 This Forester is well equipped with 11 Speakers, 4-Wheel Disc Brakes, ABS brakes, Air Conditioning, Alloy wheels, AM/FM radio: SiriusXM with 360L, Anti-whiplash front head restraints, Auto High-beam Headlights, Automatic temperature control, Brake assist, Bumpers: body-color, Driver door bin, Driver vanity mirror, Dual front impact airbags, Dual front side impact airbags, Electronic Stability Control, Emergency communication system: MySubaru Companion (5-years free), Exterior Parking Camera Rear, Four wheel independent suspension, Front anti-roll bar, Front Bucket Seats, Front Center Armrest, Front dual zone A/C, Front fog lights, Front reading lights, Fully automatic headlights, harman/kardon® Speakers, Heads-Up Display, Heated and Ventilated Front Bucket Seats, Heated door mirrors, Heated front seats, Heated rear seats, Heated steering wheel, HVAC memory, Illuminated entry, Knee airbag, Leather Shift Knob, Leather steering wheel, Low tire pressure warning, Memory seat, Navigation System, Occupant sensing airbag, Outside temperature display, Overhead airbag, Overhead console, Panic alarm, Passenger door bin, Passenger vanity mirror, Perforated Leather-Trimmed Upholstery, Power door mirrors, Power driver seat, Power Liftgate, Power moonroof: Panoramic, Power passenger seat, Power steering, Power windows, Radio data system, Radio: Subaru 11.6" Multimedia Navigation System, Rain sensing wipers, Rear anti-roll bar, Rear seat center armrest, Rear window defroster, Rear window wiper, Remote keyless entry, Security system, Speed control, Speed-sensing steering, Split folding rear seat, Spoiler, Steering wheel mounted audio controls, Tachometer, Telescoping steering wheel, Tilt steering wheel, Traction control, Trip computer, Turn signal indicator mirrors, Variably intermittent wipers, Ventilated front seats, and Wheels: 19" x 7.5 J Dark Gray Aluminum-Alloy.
==
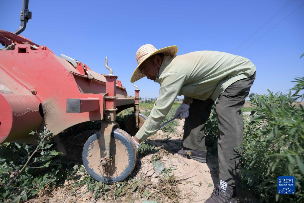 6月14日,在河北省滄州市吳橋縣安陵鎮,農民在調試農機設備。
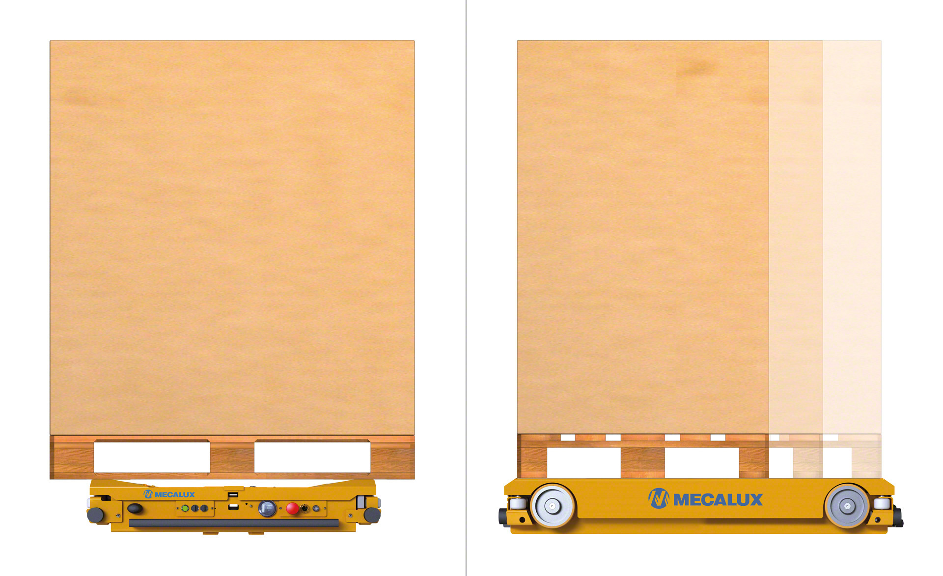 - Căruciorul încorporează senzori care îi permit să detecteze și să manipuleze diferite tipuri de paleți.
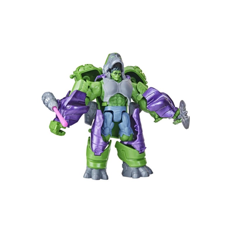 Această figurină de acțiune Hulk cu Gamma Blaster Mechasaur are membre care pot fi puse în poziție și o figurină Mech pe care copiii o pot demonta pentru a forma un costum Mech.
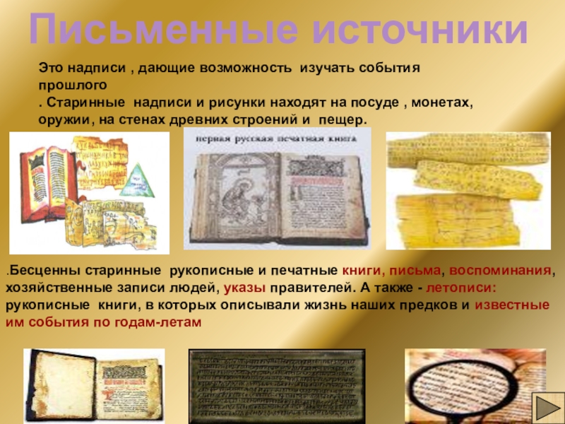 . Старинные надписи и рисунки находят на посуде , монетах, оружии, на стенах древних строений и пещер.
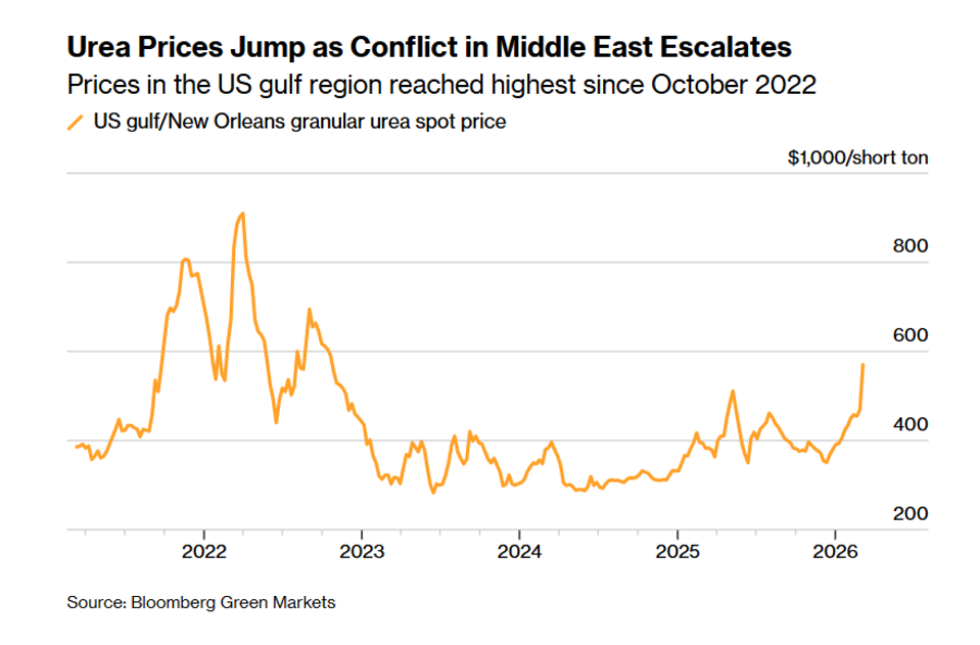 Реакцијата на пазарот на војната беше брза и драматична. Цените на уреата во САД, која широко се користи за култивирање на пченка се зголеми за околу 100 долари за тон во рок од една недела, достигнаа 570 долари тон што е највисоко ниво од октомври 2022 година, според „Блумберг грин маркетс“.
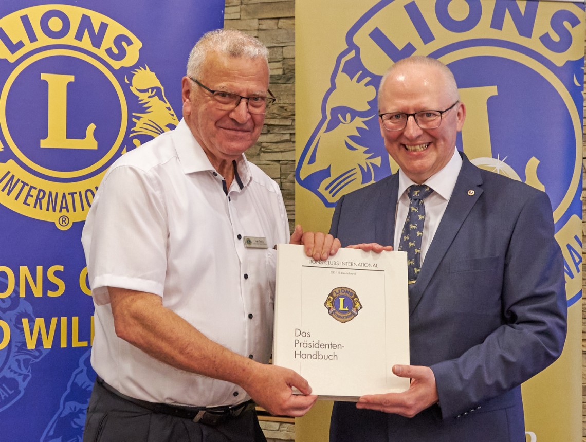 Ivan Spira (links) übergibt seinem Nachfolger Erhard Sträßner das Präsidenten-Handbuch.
---
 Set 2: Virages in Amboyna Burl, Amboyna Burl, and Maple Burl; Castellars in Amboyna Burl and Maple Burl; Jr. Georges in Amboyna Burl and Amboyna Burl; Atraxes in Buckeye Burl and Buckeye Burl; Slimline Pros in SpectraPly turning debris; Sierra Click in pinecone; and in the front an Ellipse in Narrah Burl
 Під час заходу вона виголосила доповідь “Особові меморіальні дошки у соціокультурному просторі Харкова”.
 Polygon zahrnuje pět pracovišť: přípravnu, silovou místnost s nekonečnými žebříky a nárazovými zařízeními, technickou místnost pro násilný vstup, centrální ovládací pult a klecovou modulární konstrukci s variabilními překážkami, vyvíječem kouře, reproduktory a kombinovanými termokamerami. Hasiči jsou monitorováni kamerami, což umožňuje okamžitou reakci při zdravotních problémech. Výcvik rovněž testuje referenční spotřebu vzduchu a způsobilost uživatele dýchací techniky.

> _Assignment_
Using the data above, return the lines from the one holding "Реакцијата на пазарот" through the one holding "Ivan Spira (links)" exactly, but not the pictures.

> _Result of this task_
 Реакцијата на пазарот на војната беше брза и драматична. Цените на уреата во САД, која широко се користи за култивирање на пченка се зголеми за околу 100 долари за тон во рок од една недела, достигнаа 570 долари тон што е највисоко ниво од октомври 2022 година, според „Блумберг грин маркетс“.
 Ivan Spira (links) übergibt seinem Nachfolger Erhard Sträßner das Präsidenten-Handbuch.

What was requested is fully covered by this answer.